ABOUT THIS TASK.
All that should be output is the block of lines below from the line with "रायपुर--मुख्यमंत्री विष्णु देव" to the line with "斗式上料機(jī)主要由牽引", both included, exactly as written.

PROVIDED RECORDS.
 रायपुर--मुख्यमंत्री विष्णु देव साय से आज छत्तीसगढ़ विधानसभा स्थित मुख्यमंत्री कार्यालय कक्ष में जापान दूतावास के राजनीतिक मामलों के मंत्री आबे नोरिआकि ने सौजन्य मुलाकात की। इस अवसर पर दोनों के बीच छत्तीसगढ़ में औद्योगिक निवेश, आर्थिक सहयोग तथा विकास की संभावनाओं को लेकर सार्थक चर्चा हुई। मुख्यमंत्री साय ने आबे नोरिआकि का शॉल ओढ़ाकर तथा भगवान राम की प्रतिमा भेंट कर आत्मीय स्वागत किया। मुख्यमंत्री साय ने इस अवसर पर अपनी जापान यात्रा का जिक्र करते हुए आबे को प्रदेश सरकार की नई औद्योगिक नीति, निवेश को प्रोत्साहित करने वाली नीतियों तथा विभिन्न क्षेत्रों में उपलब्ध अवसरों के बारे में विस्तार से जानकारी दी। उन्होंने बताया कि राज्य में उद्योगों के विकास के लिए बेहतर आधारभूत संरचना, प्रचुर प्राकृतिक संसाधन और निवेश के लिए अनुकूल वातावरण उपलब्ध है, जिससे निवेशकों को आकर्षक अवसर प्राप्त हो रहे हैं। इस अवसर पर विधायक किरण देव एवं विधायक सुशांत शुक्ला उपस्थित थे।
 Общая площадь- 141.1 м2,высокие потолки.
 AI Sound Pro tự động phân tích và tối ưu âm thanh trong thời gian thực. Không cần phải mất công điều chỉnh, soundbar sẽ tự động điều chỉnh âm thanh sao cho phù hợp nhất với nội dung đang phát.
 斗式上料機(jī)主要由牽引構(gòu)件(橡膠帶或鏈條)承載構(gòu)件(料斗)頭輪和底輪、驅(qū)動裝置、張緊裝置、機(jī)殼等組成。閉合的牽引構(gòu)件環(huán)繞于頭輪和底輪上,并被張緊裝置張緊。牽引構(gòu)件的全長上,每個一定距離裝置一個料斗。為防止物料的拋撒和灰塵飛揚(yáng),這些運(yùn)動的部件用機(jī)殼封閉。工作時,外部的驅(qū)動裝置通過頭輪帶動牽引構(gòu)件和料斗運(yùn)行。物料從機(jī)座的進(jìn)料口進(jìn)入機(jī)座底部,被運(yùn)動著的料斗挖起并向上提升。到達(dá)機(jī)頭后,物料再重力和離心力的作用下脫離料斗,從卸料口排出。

--

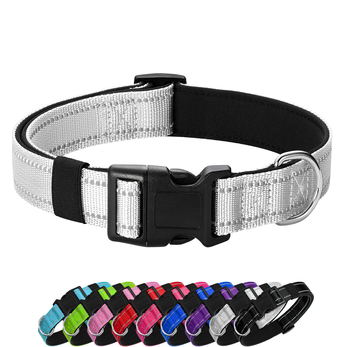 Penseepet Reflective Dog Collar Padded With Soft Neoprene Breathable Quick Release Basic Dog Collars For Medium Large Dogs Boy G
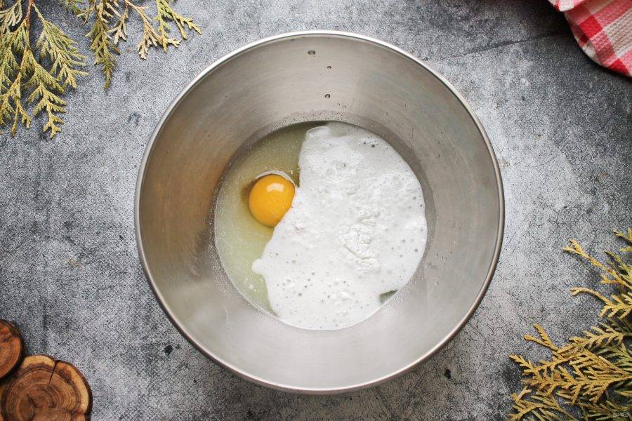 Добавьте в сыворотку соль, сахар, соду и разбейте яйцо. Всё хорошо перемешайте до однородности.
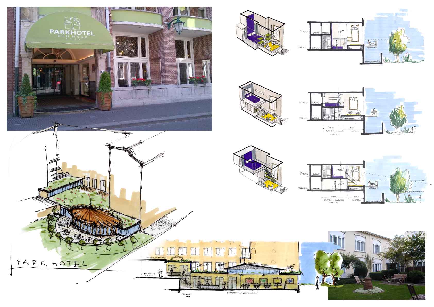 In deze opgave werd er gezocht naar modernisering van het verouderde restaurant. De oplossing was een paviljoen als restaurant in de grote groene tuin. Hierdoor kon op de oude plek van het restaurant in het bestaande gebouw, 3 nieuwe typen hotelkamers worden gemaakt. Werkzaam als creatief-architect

WRITTEN ANSWER.
 रायपुर--मुख्यमंत्री विष्णु देव साय से आज छत्तीसगढ़ विधानसभा स्थित मुख्यमंत्री कार्यालय कक्ष में जापान दूतावास के राजनीतिक मामलों के मंत्री आबे नोरिआकि ने सौजन्य मुलाकात की। इस अवसर पर दोनों के बीच छत्तीसगढ़ में औद्योगिक निवेश, आर्थिक सहयोग तथा विकास की संभावनाओं को लेकर सार्थक चर्चा हुई। मुख्यमंत्री साय ने आबे नोरिआकि का शॉल ओढ़ाकर तथा भगवान राम की प्रतिमा भेंट कर आत्मीय स्वागत किया। मुख्यमंत्री साय ने इस अवसर पर अपनी जापान यात्रा का जिक्र करते हुए आबे को प्रदेश सरकार की नई औद्योगिक नीति, निवेश को प्रोत्साहित करने वाली नीतियों तथा विभिन्न क्षेत्रों में उपलब्ध अवसरों के बारे में विस्तार से जानकारी दी। उन्होंने बताया कि राज्य में उद्योगों के विकास के लिए बेहतर आधारभूत संरचना, प्रचुर प्राकृतिक संसाधन और निवेश के लिए अनुकूल वातावरण उपलब्ध है, जिससे निवेशकों को आकर्षक अवसर प्राप्त हो रहे हैं। इस अवसर पर विधायक किरण देव एवं विधायक सुशांत शुक्ला उपस्थित थे।
 Общая площадь- 141.1 м2,высокие потолки.
 AI Sound Pro tự động phân tích và tối ưu âm thanh trong thời gian thực. Không cần phải mất công điều chỉnh, soundbar sẽ tự động điều chỉnh âm thanh sao cho phù hợp nhất với nội dung đang phát.
 斗式上料機(jī)主要由牽引構(gòu)件(橡膠帶或鏈條)承載構(gòu)件(料斗)頭輪和底輪、驅(qū)動裝置、張緊裝置、機(jī)殼等組成。閉合的牽引構(gòu)件環(huán)繞于頭輪和底輪上,并被張緊裝置張緊。牽引構(gòu)件的全長上,每個一定距離裝置一個料斗。為防止物料的拋撒和灰塵飛揚(yáng),這些運(yùn)動的部件用機(jī)殼封閉。工作時,外部的驅(qū)動裝置通過頭輪帶動牽引構(gòu)件和料斗運(yùn)行。物料從機(jī)座的進(jìn)料口進(jìn)入機(jī)座底部,被運(yùn)動著的料斗挖起并向上提升。到達(dá)機(jī)頭后,物料再重力和離心力的作用下脫離料斗,從卸料口排出。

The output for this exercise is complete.